A garden in a tall sack is a simple home project and a good solution for city homes that don’t have much outdoor space. We made one for the first time in a couple of hours, leaned it against the side of a house and planted it with hot peppers, basil and sweet potatoes.
Sack gardens can work in any city, but they can be especially important in developing countries and urban slums. Growing superfoods like kale, spinach and root crops not only cuts grocery bills, but infuses otherwise poor diets with vitamins and other nutrients. Woven plastic feed bags, food aid sacks burlap and other large bags have been converted into upright gardens in cities in Kenya and Uganda, schools in India, communities in Mozambique, South Africa and the Philippines. A good example comes from the UN Food and Agriculture Organization, which published notes from an interesting discussion of a garden program in Kibera (link down), Kenya, by the French non-profit Solidarites International.

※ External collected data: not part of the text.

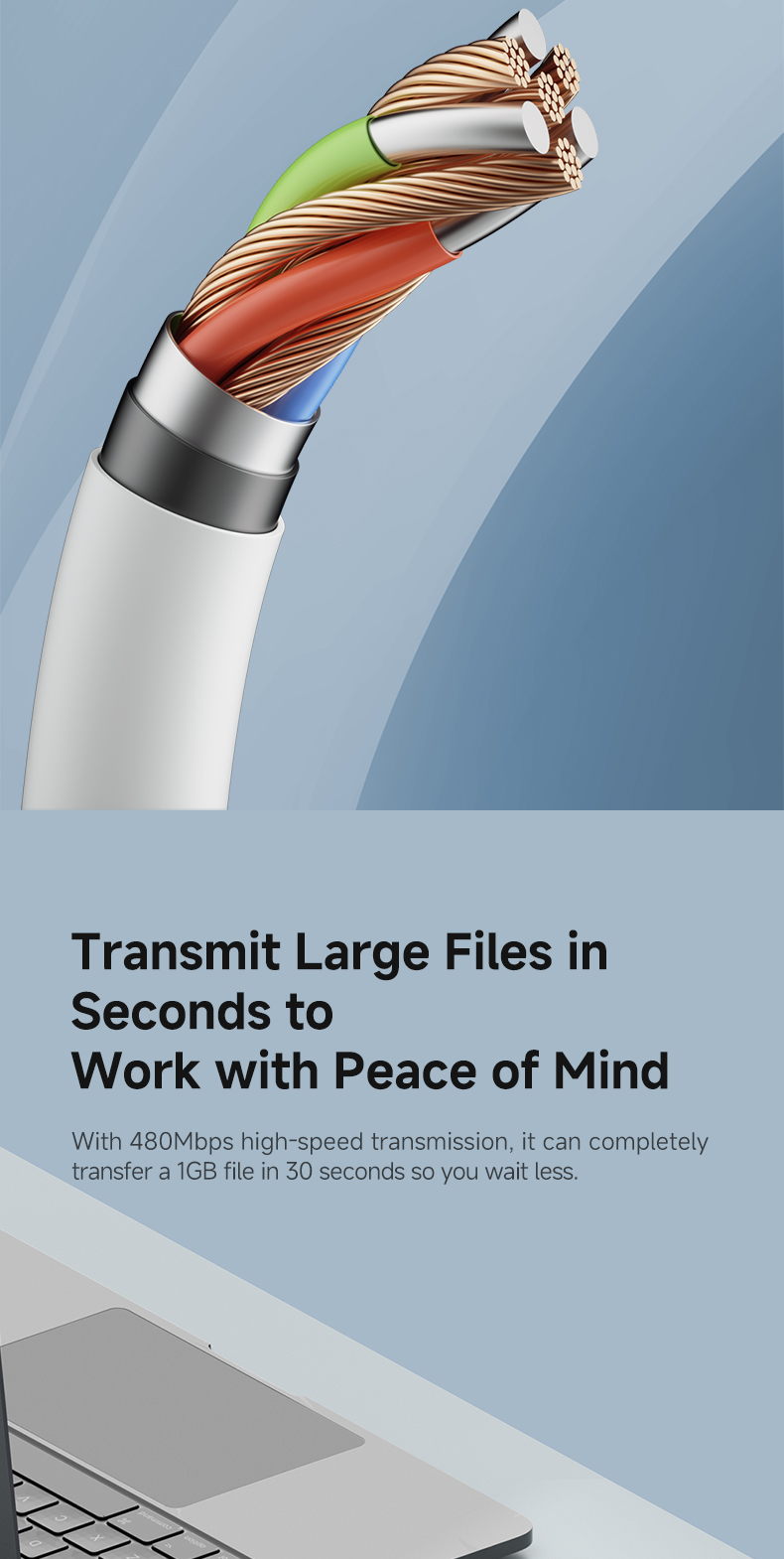 Tốc độ truyền tải 480Mbps đảm bảo việc chuyển giao các file ảnh, video, tài liệu dung lượng lớn diễn ra nhanh chóng, giúp tối ưu hóa thời gian và nâng cao năng suất làm việc hàng ngày của bạn.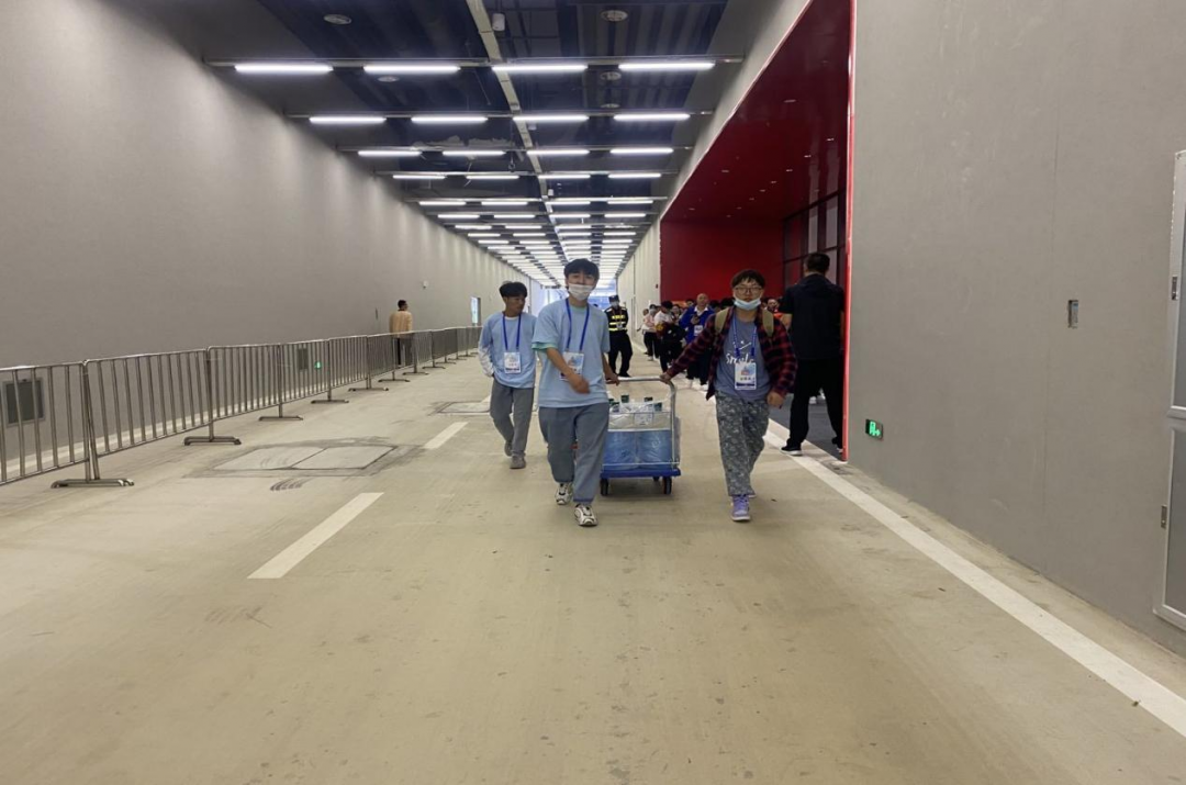 我的工作内容是保障观众的饮用水,听起来较为简单,但我们需要从体育馆下面的仓库中将饮用水搬出,换掉空桶然后运走。每天就需要在场馆来回搬运桶装水5、6次,单次运送10桶左右,正是每天的这几趟往返,让现场所有观众的饮水需求都得到了满足。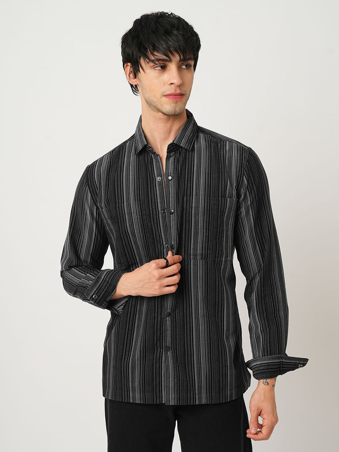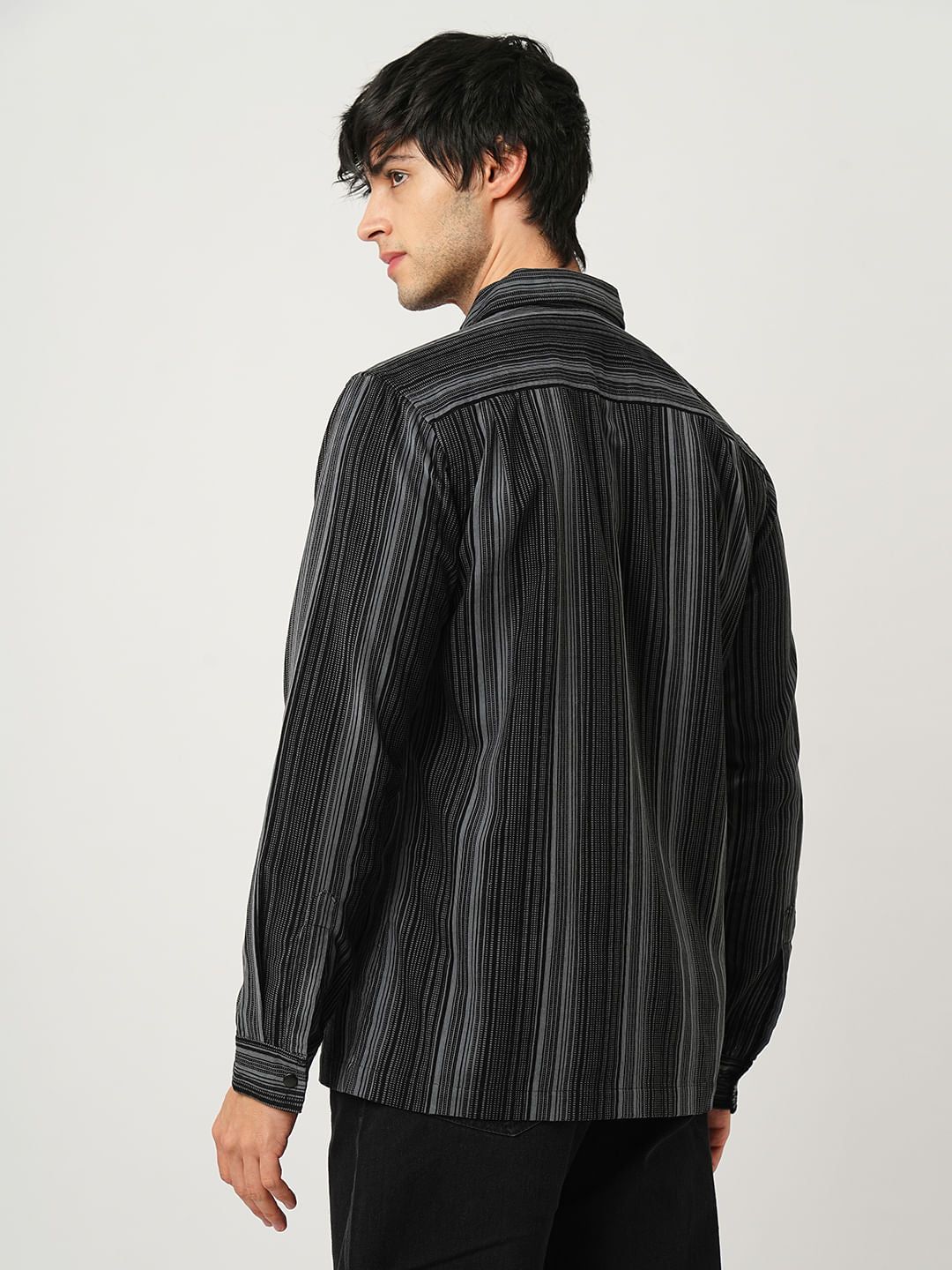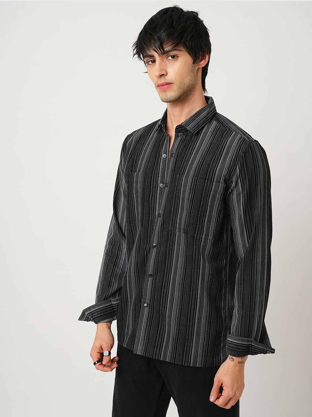 Fog Grey Striped Double Pocket Corduroy Shirt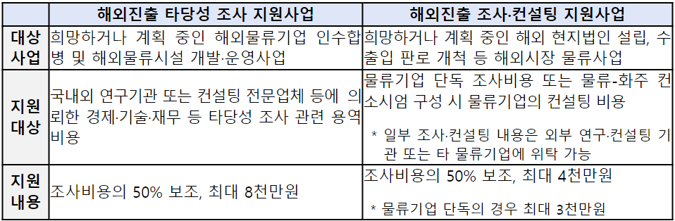 우리나라 해운·물류기업의 신규 해외 물류시장 진출에 필요한 타당성 조사 또는 컨설팅 비용을 지원하는 사업입니다.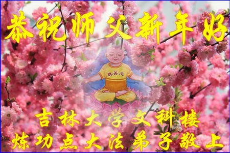 恭祝师父新年快乐! 吉林大学外语楼炼功点大法弟子敬贺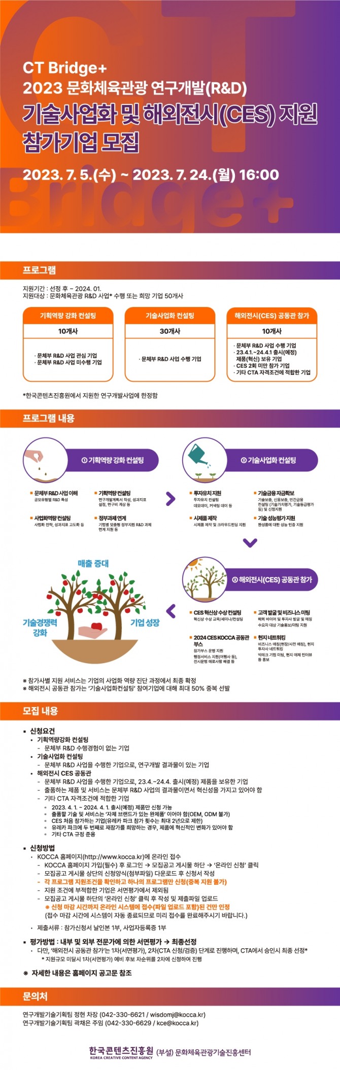 이번 프로그램은 8월부터 24년 1월까지 6개월간 진행되며, 3개 부문에 총 50개사를 모집한다. 문체부 R&D 사업을 수행한 경험이 없는 기업을 대상으로 ▲기획역량 강화 컨설팅(10개사), 경험이 있는 기업을 대상으로 ▲기술사업화 컨설팅(30개사) ▲해외전시(CES) 공동관 참가(10개사)를 지원한다.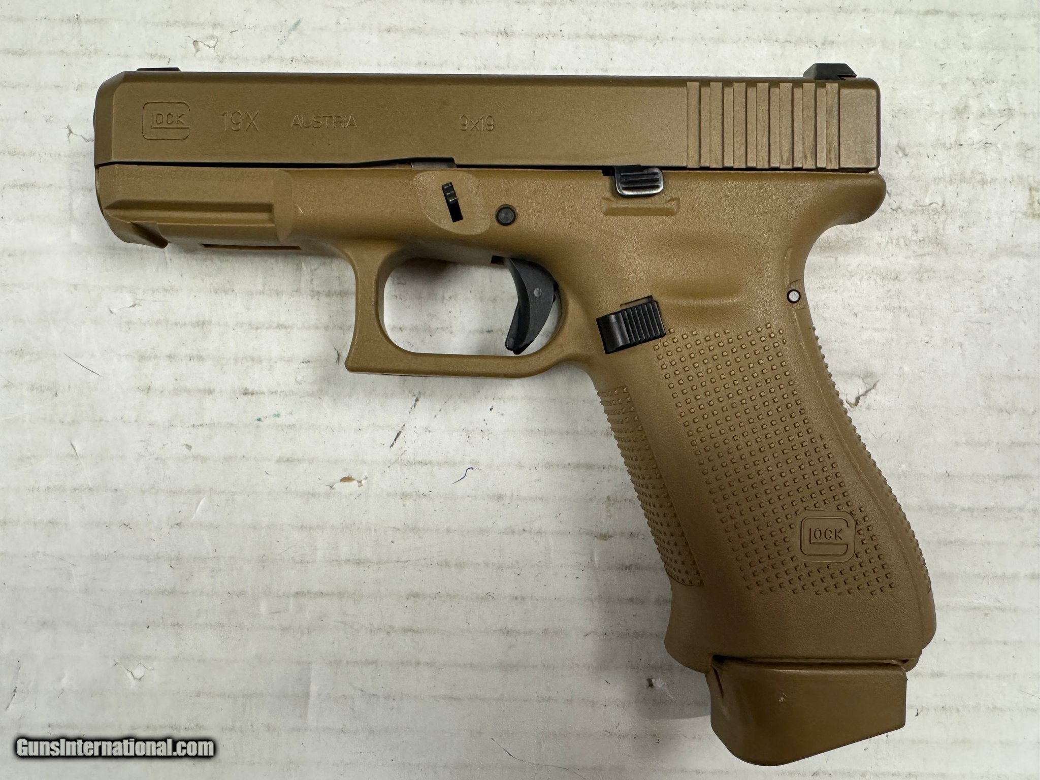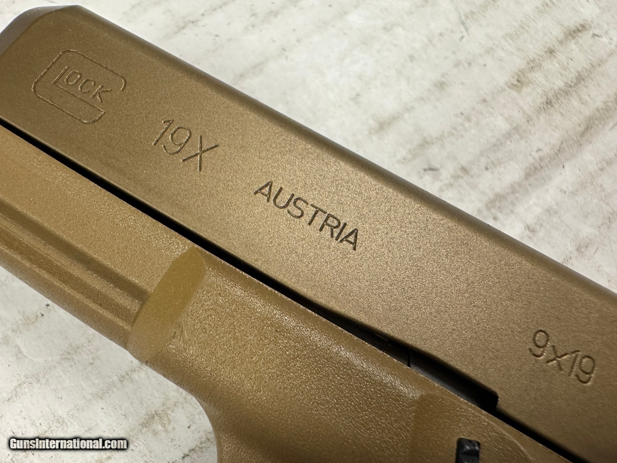 Description: Guns Listing ID: 573023 Glock, 19X, Striker Fired, Semi-automatic, Polymer Frame Pistol, Compact, 9MM, 4.02\" Marksman Barrel, PVD Finish, Coyote, Glock Night Sights -Firearm is in excellent condition -Night Sights installed -1x Mag -NO CASE SOLD Manufacturer: GLOCK Model: G19X Caliber Info: 9MM LUGER (9x19 PARA) Condition: Used - Non-Certified Barrels: 4.02" BARREL Action: SEMI AUTOMATIC Finish: coyote |

We took tips for our how-to guide from Appropedia’s and Gardens for Health’s bag garden pages (link down) and Send a Cow’s video tutorial for making a bag garden in Uganda (link down). This is how we did it.
Materials
- 1 burlap coffee sack. Feed sacks and food aid sacks work, too, as would any large bag.
- 3 cubic feet of soil. We used organic compost, but a soil-manure mixture would work, as would compost from an ecological toilet, a household waste compost bin or any nutrient-rich soil.
- Gravel. *A large yogurt container with the bottom cut out. Coffee cans or other similar-sized containers also work.
- Starter plants. We planted serrano and habanero chiles, sweet potato, sweet pepper and two kinds of basil.
Tools
- Utility knife
- Trowel or shovel (optional)
Build time
We spent about one hour gathering the materials and 1.5 hours putting it together the first time. It could go much faster once you know what you’re doing.
We started with compost, gravel, a burlap coffee sack and a large yogurt container with the bottom cut out.
Our starter plants are two kinds of chile pepper, two kinds of basil, sweet potato and sweet pepper.
Put a shallow layer of soil in the bottom of the sack, place the yogurt container (or coffee can or a similar container) in the center and fill it with gravel.
Shovel the soil around the rock-filled container and fill out the sack to the edges. When the soil reaches the top of the container, pull it up gently, leaving the rocks in a column in the center. Repeat until the bag is full with a center column of gravel. The column is for drainage and water distribution throughout the sack.
Pro tip: Put root crops on top and leafy vegetables and herbs in the sides.
Plant the top of the sack.
Cut a small hole in the sack for planting along the sides.
Pro tip: We cut the holes too big. Try making a small cut that looks like an upside down “T,” then scoop out soil from below the cut to make a little shelf for the plant.
The finished sack garden. This can hold more plants, but we settled on six.